6 Image contrast and noise
Timing is everything: decisions about excitation, k-space coverage, and acquisition determine image contrast and signal-to-noise ratio. We’ll start by talking about image contrast.
For a full derivation of the Ernst angle, check out the last few pages of these notes on the Bloch equations: MRImagingBasics_BlochEquations
Exercises
1. What is the Ernst angle for a tissue with a T1 of 1100 ms and a TR of 2 seconds?
2. What is the Ernst angle for a tissue with a T1 of 1600 ms and a TR of 2 seconds?

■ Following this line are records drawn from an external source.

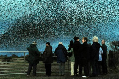 数百名观众目睹了这一黄昏奇景,大群星椋鸟变戏法的奇特飞行让他们看呆了。为了观看这一绝美景观,驾车行驶在英格兰和苏格兰之间的A74M主路上的人们不由地停下来。但是,雾般的这些鸟儿也给上班族和卡车司机带来麻烦,他们被要求停靠路边格外小心。
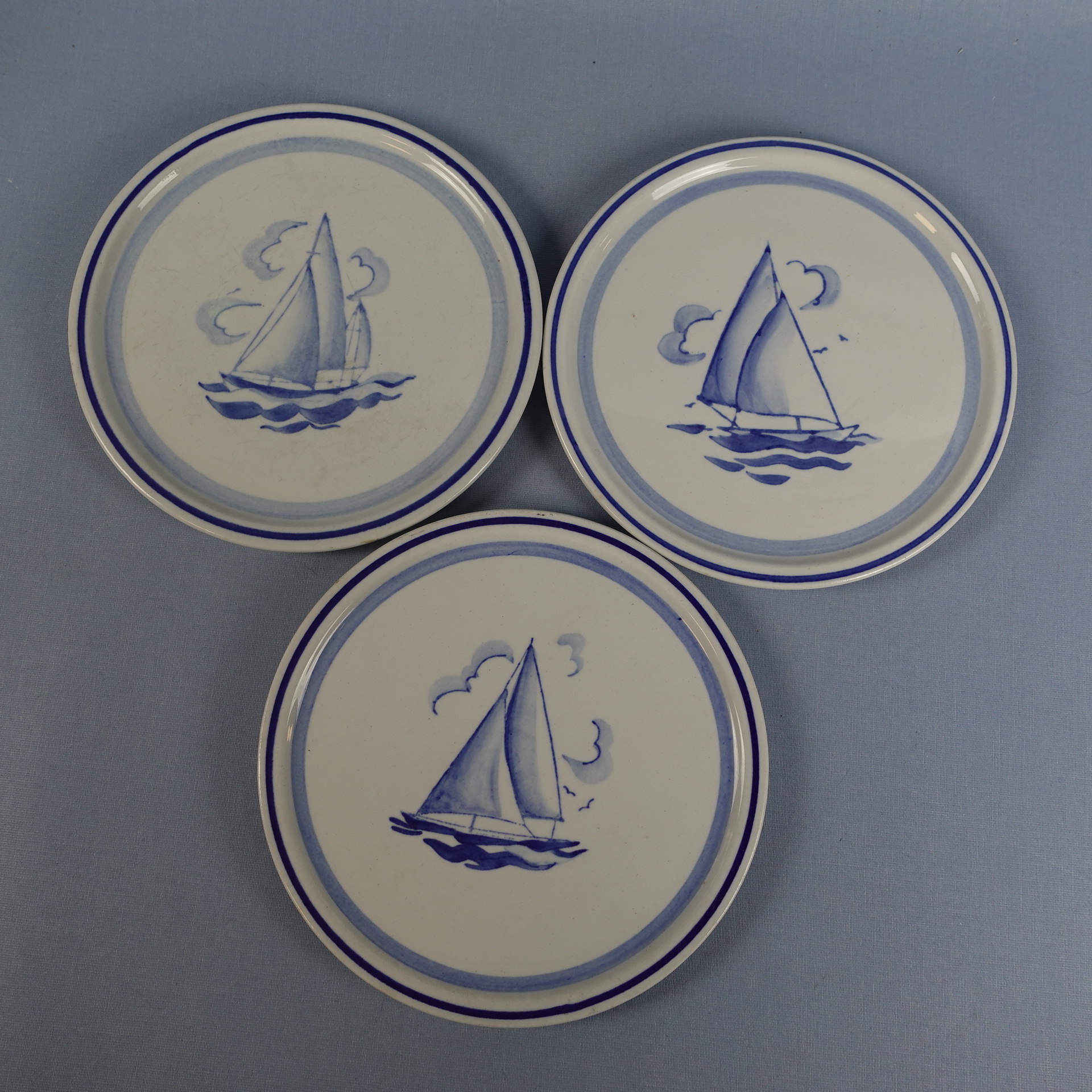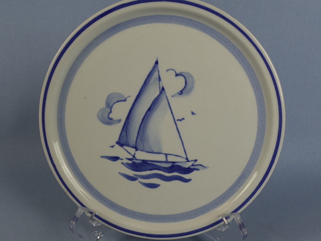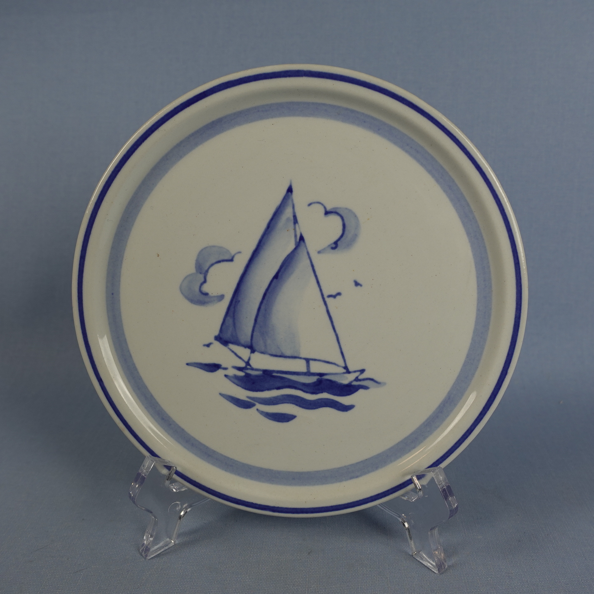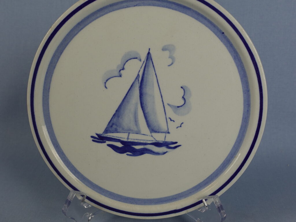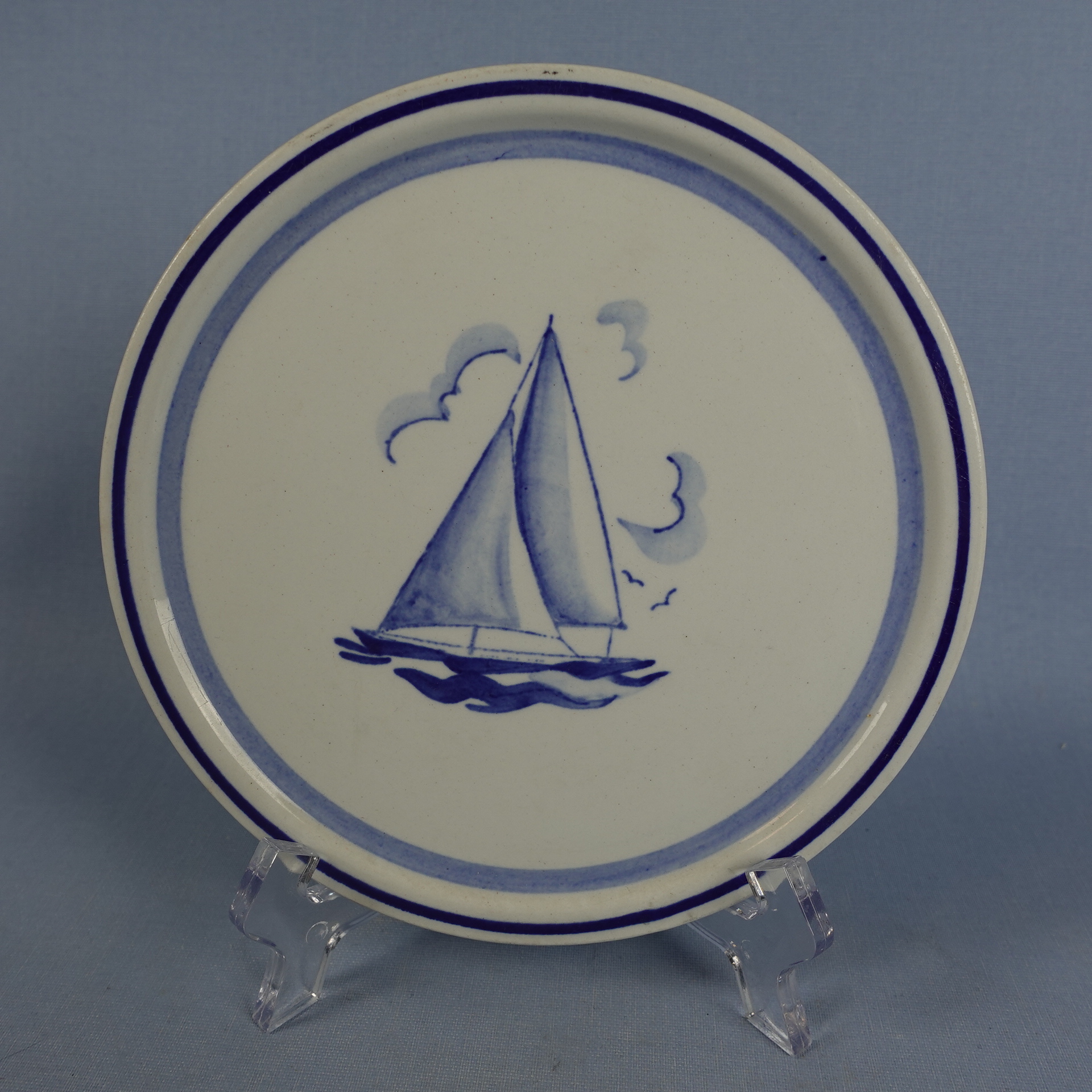 Arabian valmistamat Regatta-sarjan aluset / seinälautaset. Käsinmaalattu koriste oli tuotannossa 1950-luvulla. Alustan / seinälautasen halkaisija on 16,5 cm ja korkeus 1 cm. Taustapuolella on reikä mahdollista ripustinta varten. Myynnissä olevat aluset ovat ehjiä ja muutenkin hyväkuntoisia.
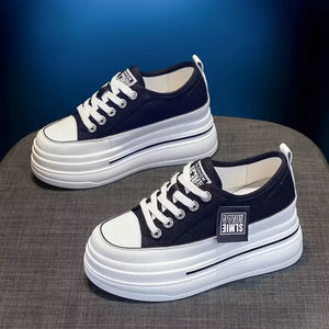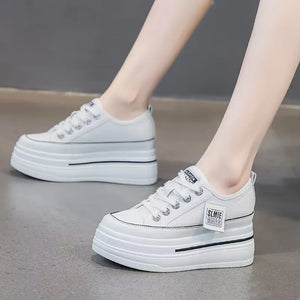 2025 New Woman Platform Sneakers Wedge Shoes Female 8cm Height Increasing Ladies Breathable Cloth Casual Shoes Canvas Shoes
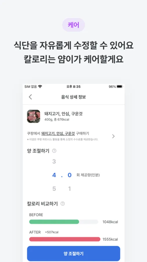 음식의 양을 올리거나, 음식을 추가하는 것이 불안한가요? 이것도 괜찮아요! 식단을 수정했을 때, 하루에 섭취하는 칼로리가 너무 높아진다면 얌이가 미리 경고해줍니다! 얌이의 도움을 받으면서 자유롭게 나만의 식단을 만들어봐요~
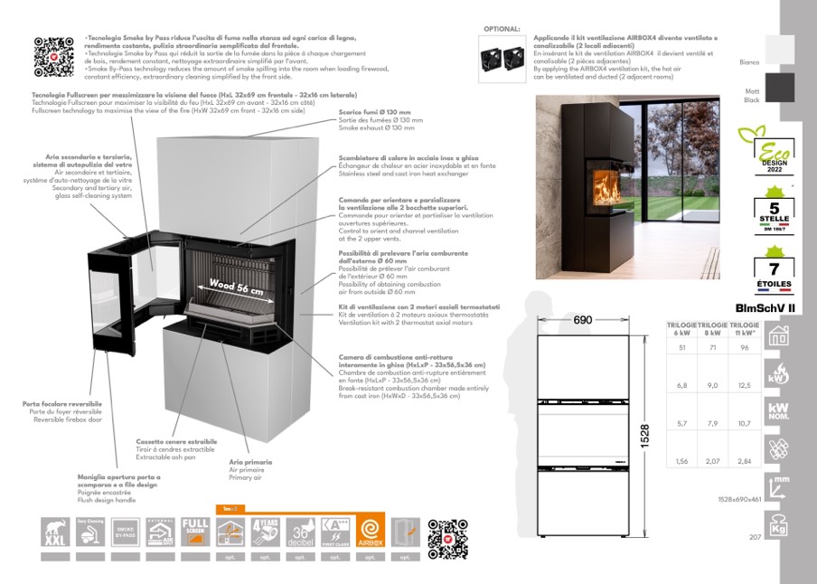 •Tecnologia Smoke by Pass riduce l’uscita di fumo nella stanza ad ogni carica di legna,
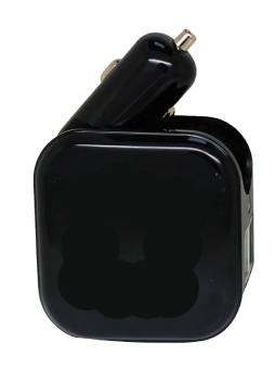 ON-THE-GO is a car travel charger with a dual USB port. The built-in digital chip and fuse prevent overvoltage, overcharging and protect against short circuits. Input AC 100-240V, input DC 12-24V, output 5V / 2.1A.
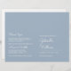 Un elegante programa de bodas azul polvoriento. Añada los detalles de su ceremonia especial de boda en una tipografía elegante de moda. Doble mano para crear un hermoso programa de bodas plegadas. Diseñado por Thisisnotme©
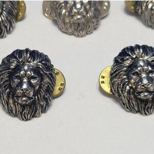 Vintage Silver Metal Lion Head Tie Pins Lot of 5
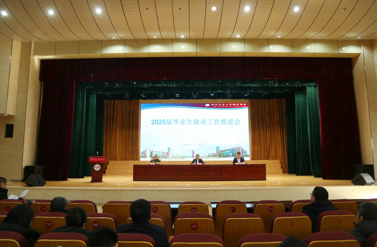 为深入贯彻党的二十届三中全会精神和全国教育大会精神,落实党中央、国务院关于做好高校毕业生就业工作的决策部署,根据 2025 届全国普通高校就业创业工作视频会议要求,按照省委、省政府相关工作部署,近日,学院在报告厅召开 2025 届毕业生就业工作推进会。学院党委书记秦桂建,分管副院长王世江,各处室、单位主要负责人,各系分管负责人及工作人员,2025 届毕业班专兼职辅导员,招生与就业处全体人员参加。会议由招生与就业处处长周福成主持。
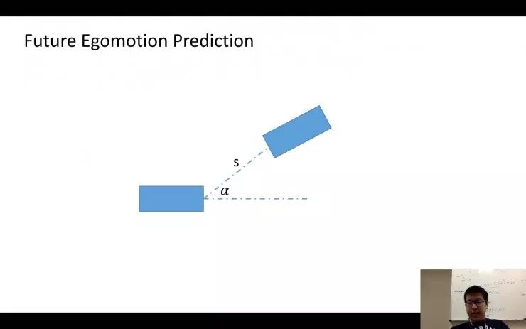 模型中要预测的 egomotion 用方向角α和位移 s 描述,这样也就不需要直接对车辆内的方向盘和踏板进行控制,简化了系统的前期研究。
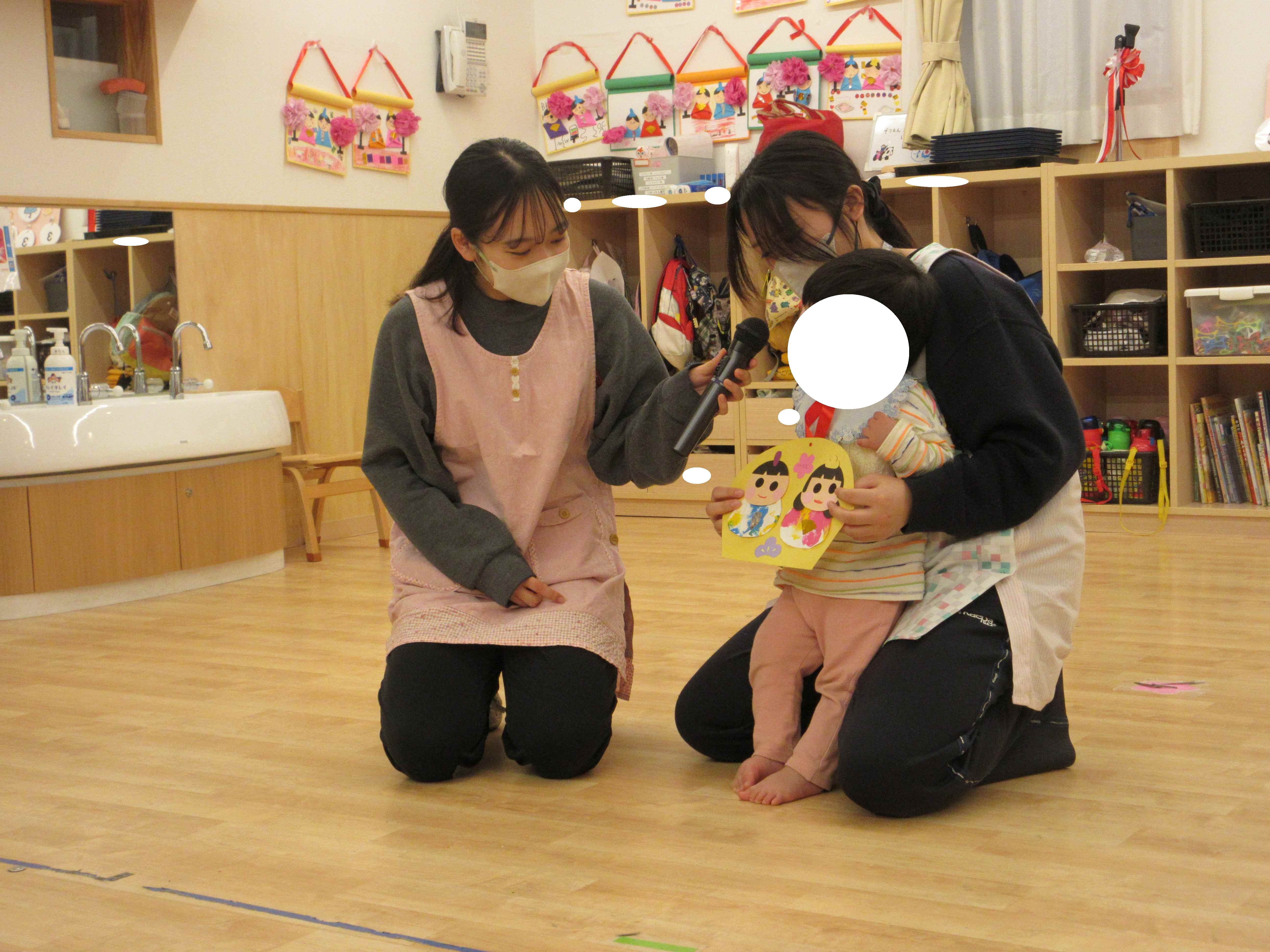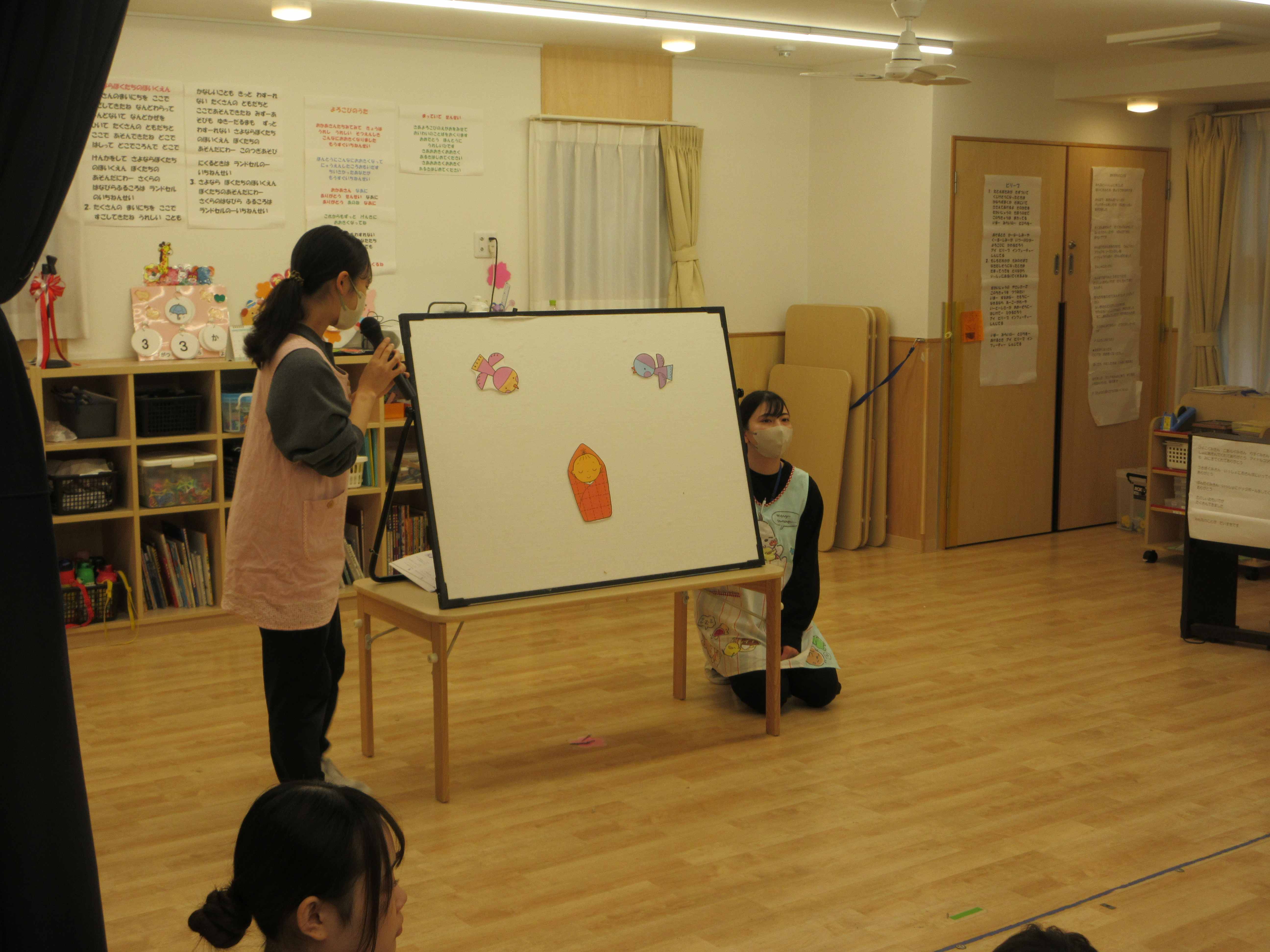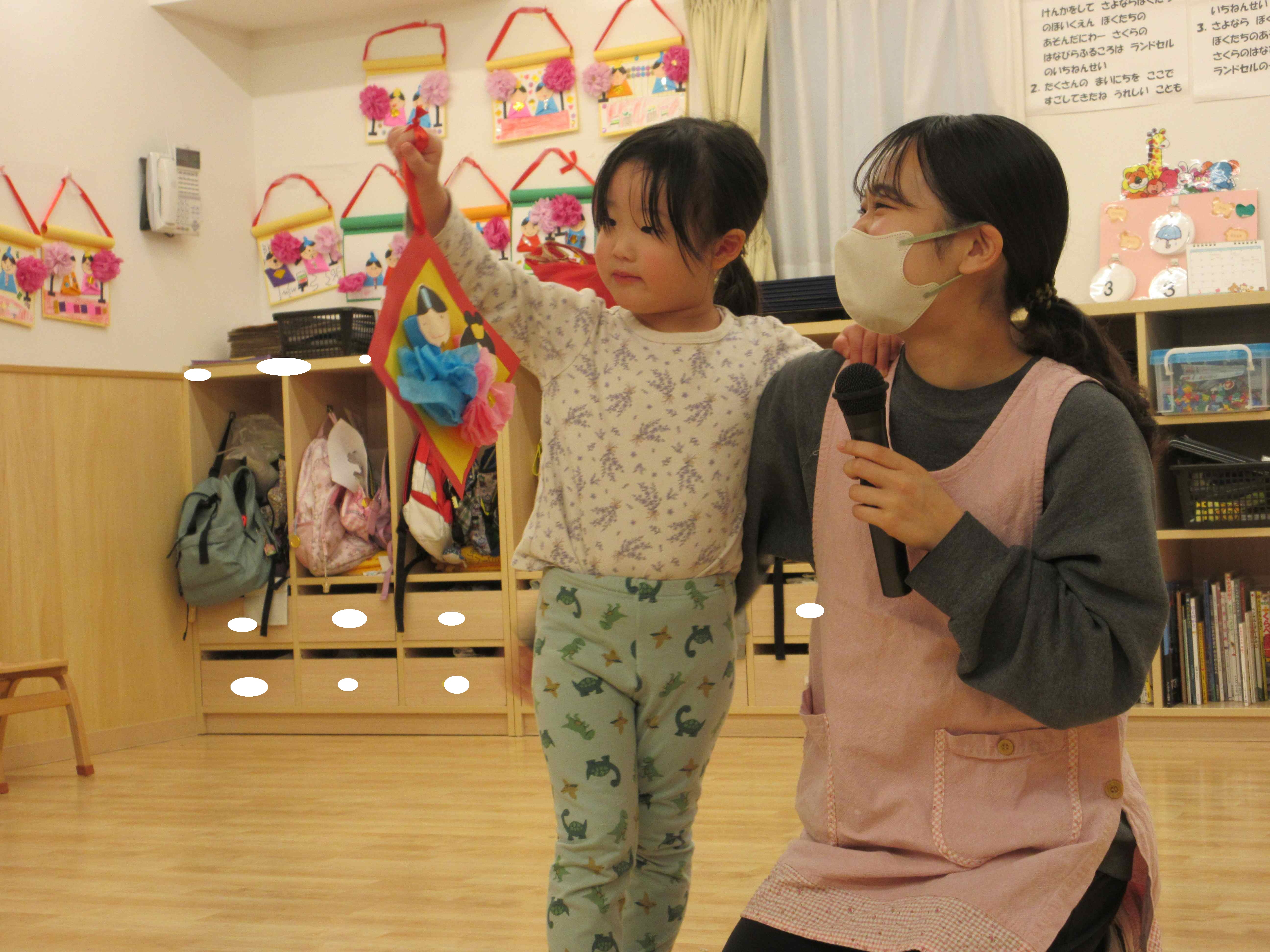 まずはみんなでひな祭りに関するパネルシアターを見て、ひな祭りの歌を歌いました。
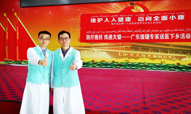 医疗援疆是贯彻落实党的十九大关于扶贫攻坚工作的新思想、新目标和新征程是重要战略部署之一,也是我院的优良传统。今年医院派出了由心外科滕云医生和省精神卫生中心刘向欣博士组成的双“心”医疗组合,作为2019年度广东省第四批“组团式”援疆医疗队队员,一个月前赶赴喀什地区第一人民医院,开展为期一年的援疆工作。
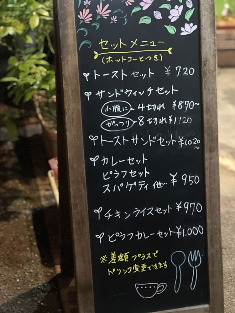 メニューも定番のケーキセットやサンドイッチなどの軽食。ピラフやチキンライスなどもあるのでお昼で込み合う前に行くのもいいかもしれません。ピラフカレーが人気だそうですがまだ食べたことないんですよね、そのうち食べてみたい。
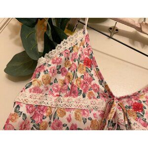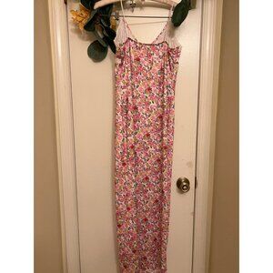 Floral lace Trim/Maxi Slip Dress/Pink/Large
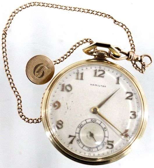 14K Gold Hamilton Pocket watch , 17 jewels , 917 movement , Wadsworth case, Chain and Fob marked 10K , Engraved on back for 25 years of service

The reason we care about optimizing signal is because we never have enough to work with — we’re always trying to increase our signal because fMRI contrast is relative (it’s measured as percent signal change). So the more signal we have, the more BOLD response we have … and we need it because there are many noise sources, and the noise can be as large as the task response that we’re looking for.
Exercises
3. Imagine 2 datasets, both acquired with the same matrix size, but one had a smaller field of view than the other so the resolution is higher. Which one has better SNR?
4. If I tell you that one of those images is “thermal noise limited”, which one do you think it will be?
5. If you acquire 2 datasets that have the same resolution, and both have a big enough FOV to cover your entire sample … but one has a larger FOV in the read-out direction, which dataset will have higher SNR?